Borgens (1984) investigated this phenomenon in bone fracture sites by inducing electric current for healing purposes. His experiments did not disclose any correlation with what had been proposed as piezoelectric effects and showed that the dispersion of current as it enters the lesion is unpredictable. He attributed this finding to the complexity of distribution of mineralized and nonmineralized matrices. However, he observed generation of endogenous ionic currents evoked in intact and damaged mouse bones, and classified these currents as stress‐generated potentials or streaming potentials, rather than piezoelectric currents. In contrast to piezoelectric spikes, the streaming potentials were having long decay periods. This finding led him to hypothesize that the mechanically stressed bone cells themselves, not the matrix, are the source of the electric current. His hypothesis received support from Pollack et al. (1984), who proposed a mechanism by which force‐evoked electric potentials may reach the surface of bone cells. Accordingly, an electric double layer surrounds bone, where electric charges flow in coordination with stress‐related fluid flow. These stress‐generated potentials may affect the charge of cell membranes, and of macromolecules present in the neighborhood. Davidovitch et al. (1980a, b) suggested that piezoelectric potentials result from distortion of fixed structures of the periodontium, such as collagen, hydroxyapatite, or bone cells’ surface. In hydrated tissues, however, streaming potentials (the electrokinetic effects that arise when an electrical double layer overlying a charged surface is displaced) predominate as the interstitial fluid moves. They further reported that mechanical perturbations of the order of about 1 min/day are apparently sufficient to cause an osteogenic response (Figure 2.24), perhaps due to matrix proteoglycan related strain memory.

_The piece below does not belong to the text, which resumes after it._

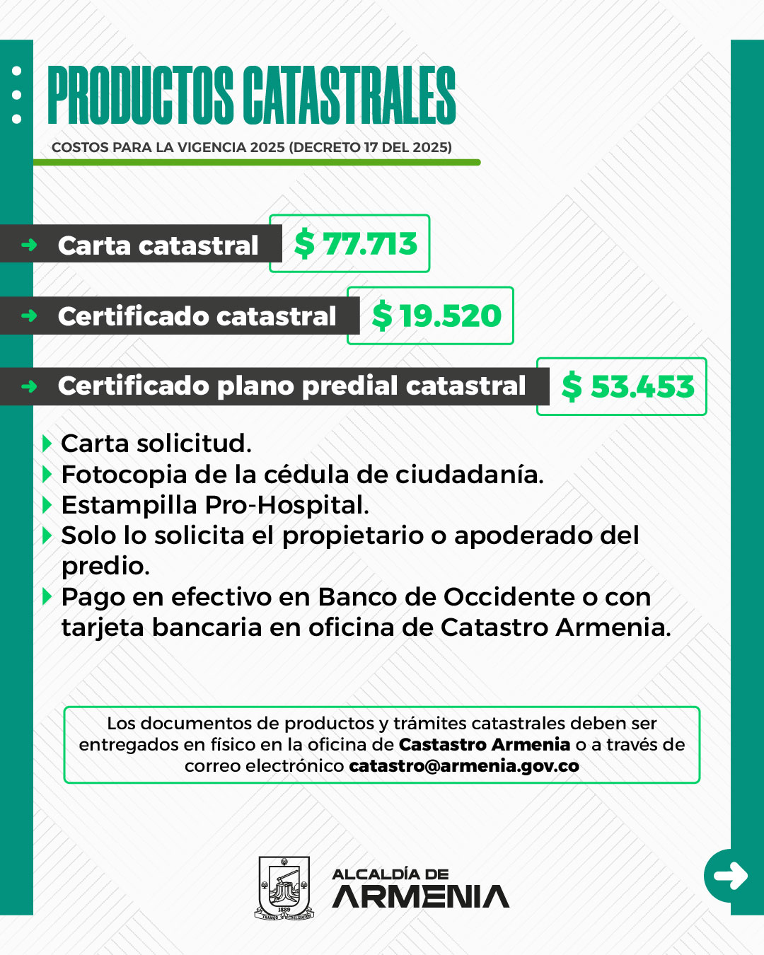 - • Decreto 17 del 20 de enero de 2025 "Por el cual se fijan los precios de los bienes y servicios para la vigencia 2025 del gestor catastral del municipio de Armenia Quindío y se dictan otras disposiciones"

Figure 2.22 Transverse section, 6 μm thick, of a 1‐year‐old female cat’s mandible (the same animal as shown in Figure 2.21), after exposure for 7 days to a constant application of a 20 μA direct current to the gingival mucosa, noninvasively. Shown are the tissues near the stainless‐steel cathode, stained immunohistochemically for cAMP. B, Alveolar bone. Compared with the cells shown in Figure 2.21, the bone surface lining cells near the cathode are larger and more darkly stained for cAMP.